-- Work instructions --
In the output, include exactly the lines from the beginning of the records up to and including the one that contains "2020-02-04上午,一", and leave out the pictures.
(Information given Opens)
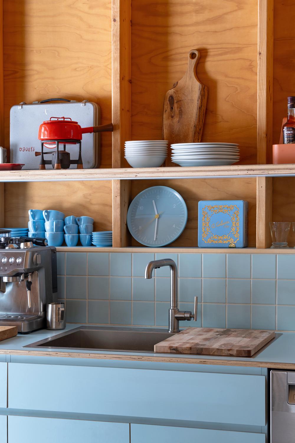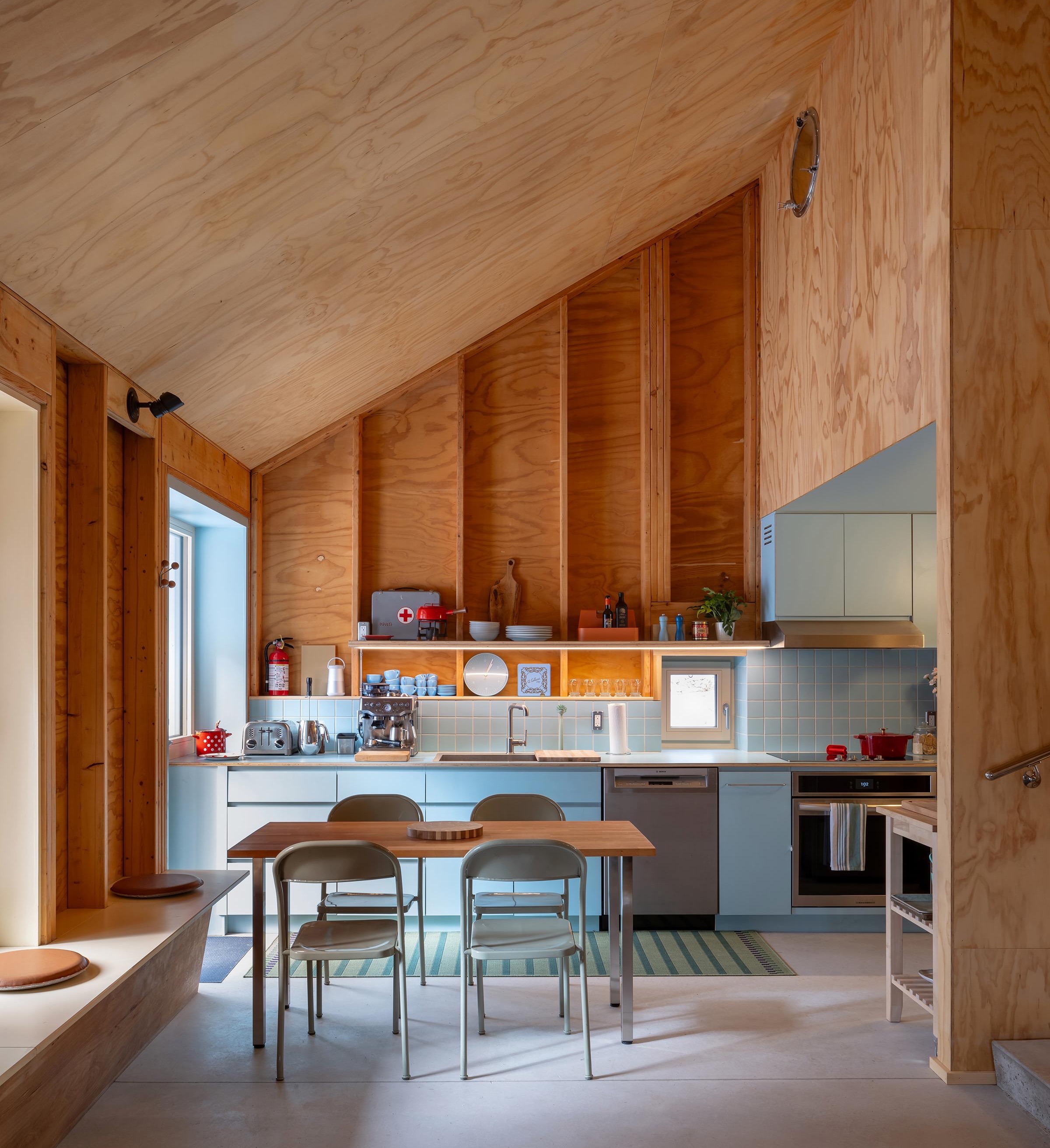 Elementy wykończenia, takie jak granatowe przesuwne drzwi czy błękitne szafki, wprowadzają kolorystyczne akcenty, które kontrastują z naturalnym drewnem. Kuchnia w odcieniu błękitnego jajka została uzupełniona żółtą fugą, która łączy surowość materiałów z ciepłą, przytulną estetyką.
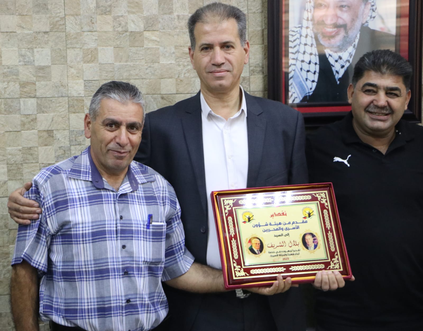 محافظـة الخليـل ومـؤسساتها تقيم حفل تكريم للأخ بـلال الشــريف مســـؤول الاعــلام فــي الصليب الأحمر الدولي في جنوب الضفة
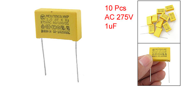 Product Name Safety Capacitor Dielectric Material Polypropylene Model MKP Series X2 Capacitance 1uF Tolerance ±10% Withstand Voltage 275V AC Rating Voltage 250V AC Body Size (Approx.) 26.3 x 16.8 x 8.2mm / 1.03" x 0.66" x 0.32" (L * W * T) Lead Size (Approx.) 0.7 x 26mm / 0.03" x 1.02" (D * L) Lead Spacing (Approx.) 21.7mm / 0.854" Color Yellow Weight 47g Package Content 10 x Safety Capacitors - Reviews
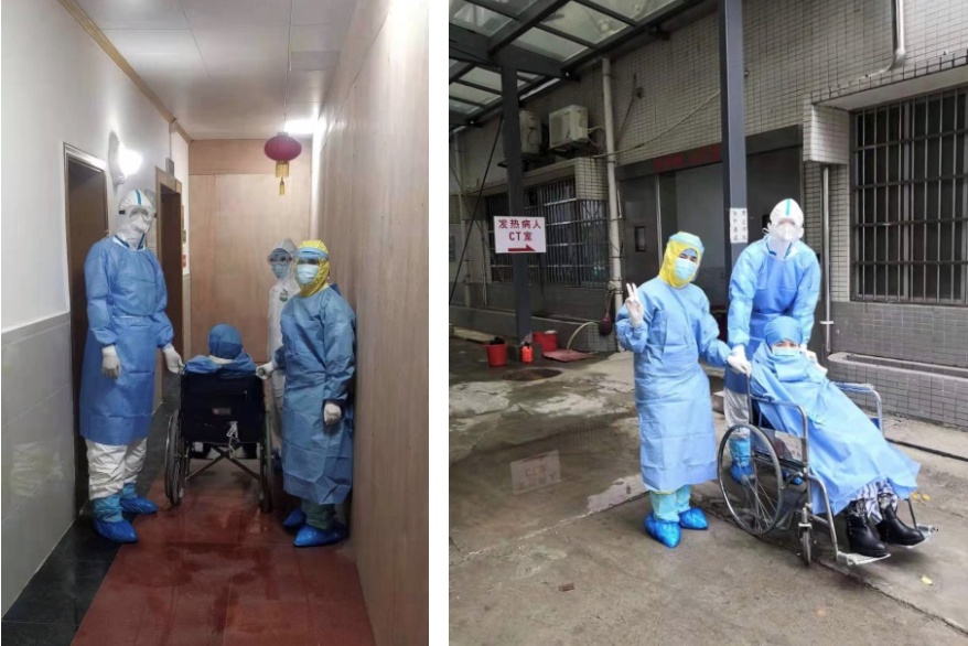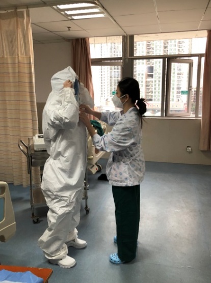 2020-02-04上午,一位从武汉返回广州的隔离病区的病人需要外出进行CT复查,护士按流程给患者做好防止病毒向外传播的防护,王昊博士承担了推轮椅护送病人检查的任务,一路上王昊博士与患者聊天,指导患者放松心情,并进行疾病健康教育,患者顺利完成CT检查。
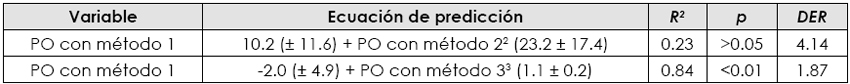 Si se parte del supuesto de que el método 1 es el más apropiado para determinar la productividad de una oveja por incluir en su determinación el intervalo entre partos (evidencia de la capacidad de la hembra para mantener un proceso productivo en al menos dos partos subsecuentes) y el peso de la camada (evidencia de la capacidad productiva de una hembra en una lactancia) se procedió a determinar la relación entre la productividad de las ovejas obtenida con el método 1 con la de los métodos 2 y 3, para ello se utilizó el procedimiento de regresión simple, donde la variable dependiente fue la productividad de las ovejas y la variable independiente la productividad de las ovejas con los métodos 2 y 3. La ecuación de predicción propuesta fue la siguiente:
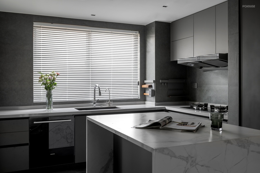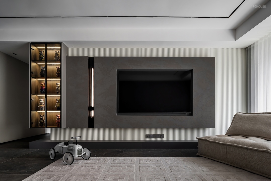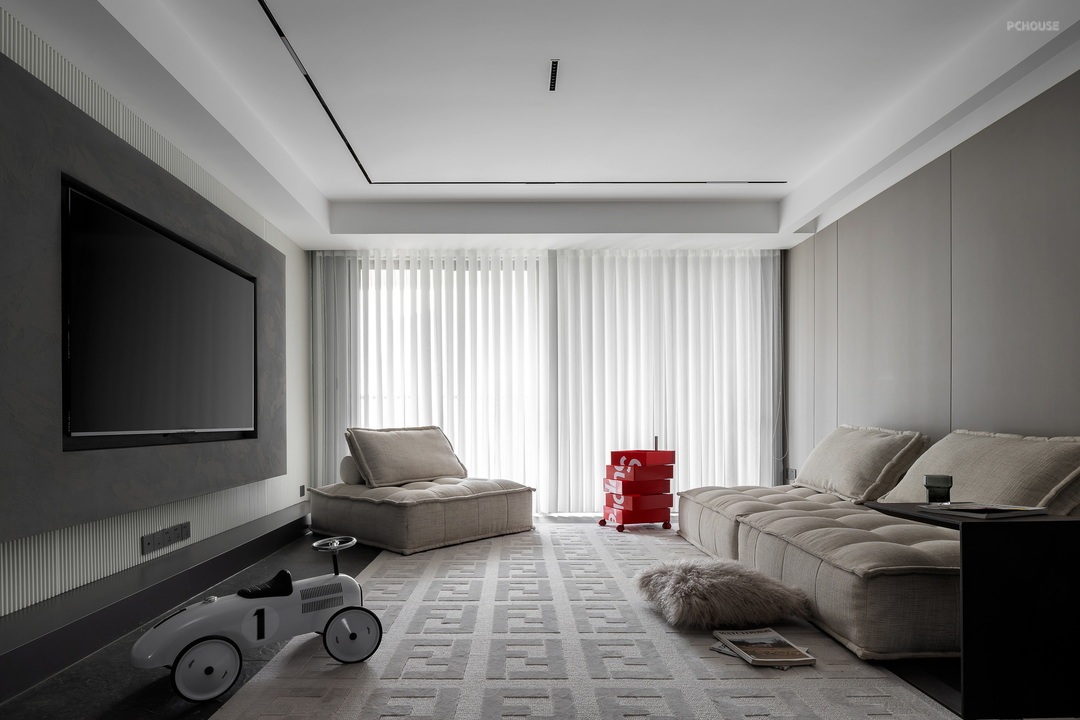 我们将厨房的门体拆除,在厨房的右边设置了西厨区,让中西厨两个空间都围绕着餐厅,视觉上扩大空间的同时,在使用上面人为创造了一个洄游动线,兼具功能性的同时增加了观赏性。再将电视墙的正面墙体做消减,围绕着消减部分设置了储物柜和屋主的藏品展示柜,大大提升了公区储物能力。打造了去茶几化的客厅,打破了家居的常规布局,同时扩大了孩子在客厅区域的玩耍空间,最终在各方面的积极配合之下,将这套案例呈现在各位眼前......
(Information given Closes)
-- Exercise answer --
 Elementy wykończenia, takie jak granatowe przesuwne drzwi czy błękitne szafki, wprowadzają kolorystyczne akcenty, które kontrastują z naturalnym drewnem. Kuchnia w odcieniu błękitnego jajka została uzupełniona żółtą fugą, która łączy surowość materiałów z ciepłą, przytulną estetyką.
 محافظـة الخليـل ومـؤسساتها تقيم حفل تكريم للأخ بـلال الشــريف مســـؤول الاعــلام فــي الصليب الأحمر الدولي في جنوب الضفة
 Product Name Safety Capacitor Dielectric Material Polypropylene Model MKP Series X2 Capacitance 1uF Tolerance ±10% Withstand Voltage 275V AC Rating Voltage 250V AC Body Size (Approx.) 26.3 x 16.8 x 8.2mm / 1.03" x 0.66" x 0.32" (L * W * T) Lead Size (Approx.) 0.7 x 26mm / 0.03" x 1.02" (D * L) Lead Spacing (Approx.) 21.7mm / 0.854" Color Yellow Weight 47g Package Content 10 x Safety Capacitors - Reviews
 2020-02-04上午,一位从武汉返回广州的隔离病区的病人需要外出进行CT复查,护士按流程给患者做好防止病毒向外传播的防护,王昊博士承担了推轮椅护送病人检查的任务,一路上王昊博士与患者聊天,指导患者放松心情,并进行疾病健康教育,患者顺利完成CT检查。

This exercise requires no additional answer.